Personne n’a jamais su comme lui combien j’étais bête ; il doit, il m’emprunte de l’argent pour payer ses dettes et s’en sert pour faire imprimer une satire contre moi. Avant que de faire imprimer sa satire, il me la lit. Je lui montre qu’elle est mauvaise et il se sert de mes conseils pour la rendre meilleure. Quand il croit avoir tiré de moi tout le parti qu’un coquin peut tirer d’un sot, il vient me voir, il me dit qu’il est un coquin, me laisse clairement entendre que je suis un sot, me tire sa révérence et s’en va[1].
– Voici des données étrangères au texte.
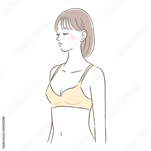 Fototapeta premium 胸のサイズが小さめのブラジャー姿の若い女性のイラスト

Au bout de cinq à six mois, je le retrouve au coin de la rue Maçon. Il rasait le mur, il n’avait pas pour vingt sous de hardes sur tout son corps. Il était maigre, sale et hâve. Il paraissait accablé de misère et de vilaines maladies. Il m’arrête et nous causons.

moi.

Comme vous voilà !

lui.

Il est vrai que je suis fort mal.

  1. Vous qui savez tout, savez-vous de l’histoire naturelle ? — Tout le monde en sait. — Vous avez entendu parler du formicaleo ? — Oui. — C’est un petit animal fort adroit. Il établit sa demeure au fond d’un sable fin. Là il se fait une niche en entonnoir renversé. Il couvre la surface de cet entonnoir d’une surface de sable très-légère et très-mobile. Si un autre insecte inconsidéré vient se promener sur cette surface, il s’enfonce et tombe au fond du trou où le formicaleo s’en saisit, le dévore et lui dit : « Monsieur, je suis bien votre serviteur. » (Diderot.)